Supplied information
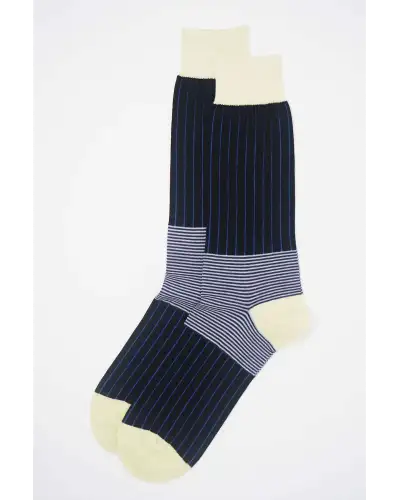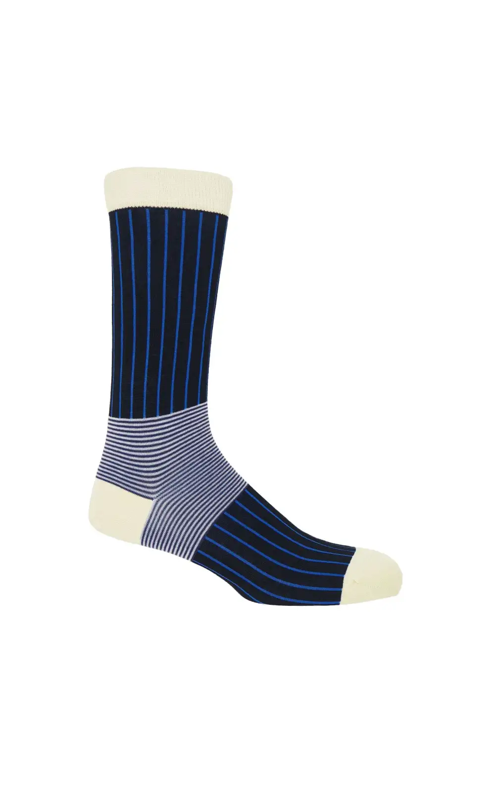 Introducing the black Oxford Stripe luxury men's socks. These resplendent striped men's socks feature a contrasting cream heel and toe and cuff, with contrasting white and purple horizontal stripes. Combined with the vertical vivid blue stripes these dazzling cotton socks embody the quirkiness that is Peper Harow.
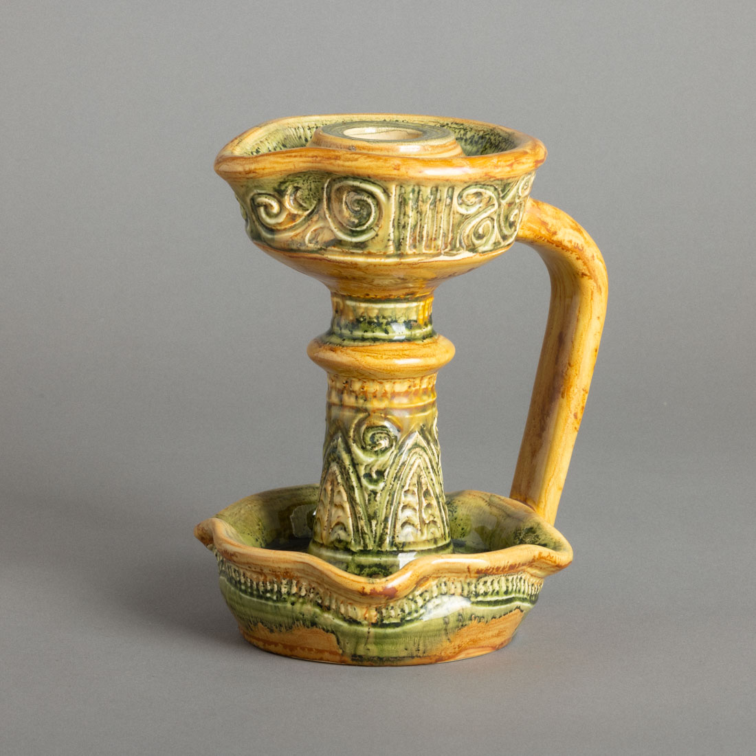 Em cerâmica vidrada fabrico Aleluia, Aveiro, decoração relevada e policromada com elementos geométricos, marcada. Sinais de uso.
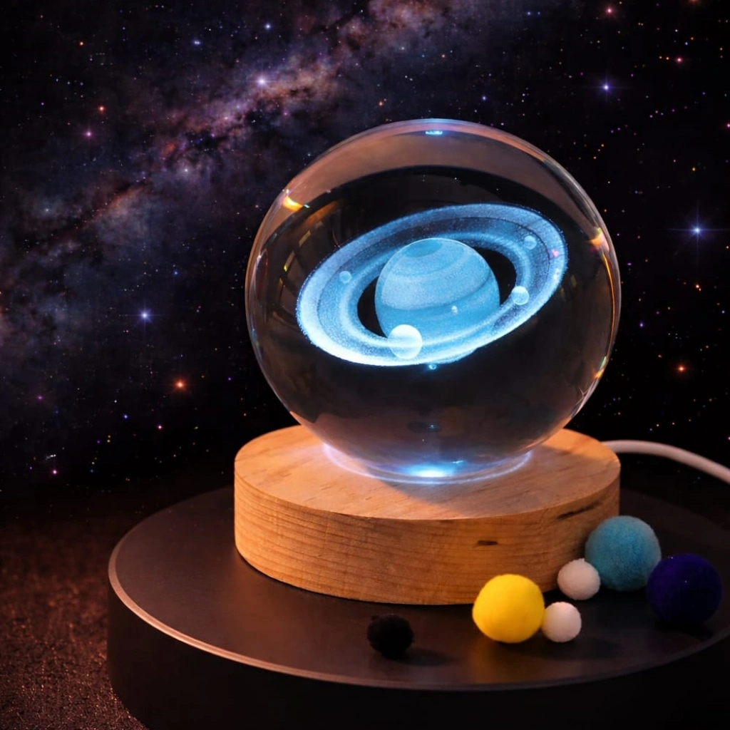 Uzayın sonsuz derinliğini ve Satürn'ün eşsiz halkalarını masanıza taşıyın! Satürn Gezegen Tasarımlı Işıklı Kristal Cam Küre ve Anahtarlık Seti, astronomi tutkunları ve modern dekorasyon sevenler için büyüleyici bir hediye seçeneğidir. Setin ana parçası olan 6 cm çapındaki küre, yüksek kaliteli kristal cam malzemeden üretilmiştir. İçerisine lazerle titizlikle işlenmiş olan halkalı Satürn figürü, doğal ahşap altlığın içindeki LED mekanizmasıyla buluştuğunda odanızda galaktik bir atmosfer yaratır. USB ile çalışan bu dekoratif küre, renk değiştirerek yanma özelliği sayesinde karanlıkta adeta parlayan bir gezegene dönüşür. Setin tamamlayıcısı olan 10 cm boyundaki kristal anahtarlık ise çevrildiğinde aktif olan renk değiştirme özelliği ve pilli yapısıyla bu evrensel tasarımı her an yanınızda taşımanıza imkan sağlar. Ürün Teknik Özellikleri ÖzellikIşıklı Kristal Cam KüreIşıklı Kristal Anahtarlık Boyutlar6 cm Çap (Küre) / 7 cm (Altlık)10 cm (Toplam Boy) MalzemeYüksek Kaliteli Kristal Cam & Doğal AhşapDayanıklı Kristal Cam & Metal Zincir Güç KaynağıUSB Bağlantılı (Kablo Dahildir)Dahili Pil (Piller Pakete Dahildir) Işık ÖzelliğiÇok Renkli (RGB) Geçişli LEDRenk Değiştiren LED (Çevir-Yak Mekanizma) TasarımLazer İşleme Satürn Gezegen MotifiSekizgen Kesim Kristal Form & Lazer İşleme Kullanım AlanıGece Lambası, Masa Dekoru, HediyeÇanta Aksesuarı, Anahtarlık, Hatıra Paket İçeriği1 Adet Işıklı Satürn Gezegen Tasarımlı Cam Küre Ve Kristal Anahtarlık Hediye Seti

Activity
What you return should match the material line for line, with the images removed.

Written answer
 Introducing the black Oxford Stripe luxury men's socks. These resplendent striped men's socks feature a contrasting cream heel and toe and cuff, with contrasting white and purple horizontal stripes. Combined with the vertical vivid blue stripes these dazzling cotton socks embody the quirkiness that is Peper Harow.
 Em cerâmica vidrada fabrico Aleluia, Aveiro, decoração relevada e policromada com elementos geométricos, marcada. Sinais de uso.
 Uzayın sonsuz derinliğini ve Satürn'ün eşsiz halkalarını masanıza taşıyın! Satürn Gezegen Tasarımlı Işıklı Kristal Cam Küre ve Anahtarlık Seti, astronomi tutkunları ve modern dekorasyon sevenler için büyüleyici bir hediye seçeneğidir. Setin ana parçası olan 6 cm çapındaki küre, yüksek kaliteli kristal cam malzemeden üretilmiştir. İçerisine lazerle titizlikle işlenmiş olan halkalı Satürn figürü, doğal ahşap altlığın içindeki LED mekanizmasıyla buluştuğunda odanızda galaktik bir atmosfer yaratır. USB ile çalışan bu dekoratif küre, renk değiştirerek yanma özelliği sayesinde karanlıkta adeta parlayan bir gezegene dönüşür. Setin tamamlayıcısı olan 10 cm boyundaki kristal anahtarlık ise çevrildiğinde aktif olan renk değiştirme özelliği ve pilli yapısıyla bu evrensel tasarımı her an yanınızda taşımanıza imkan sağlar. Ürün Teknik Özellikleri ÖzellikIşıklı Kristal Cam KüreIşıklı Kristal Anahtarlık Boyutlar6 cm Çap (Küre) / 7 cm (Altlık)10 cm (Toplam Boy) MalzemeYüksek Kaliteli Kristal Cam & Doğal AhşapDayanıklı Kristal Cam & Metal Zincir Güç KaynağıUSB Bağlantılı (Kablo Dahildir)Dahili Pil (Piller Pakete Dahildir) Işık ÖzelliğiÇok Renkli (RGB) Geçişli LEDRenk Değiştiren LED (Çevir-Yak Mekanizma) TasarımLazer İşleme Satürn Gezegen MotifiSekizgen Kesim Kristal Form & Lazer İşleme Kullanım AlanıGece Lambası, Masa Dekoru, HediyeÇanta Aksesuarı, Anahtarlık, Hatıra Paket İçeriği1 Adet Işıklı Satürn Gezegen Tasarımlı Cam Küre Ve Kristal Anahtarlık Hediye Seti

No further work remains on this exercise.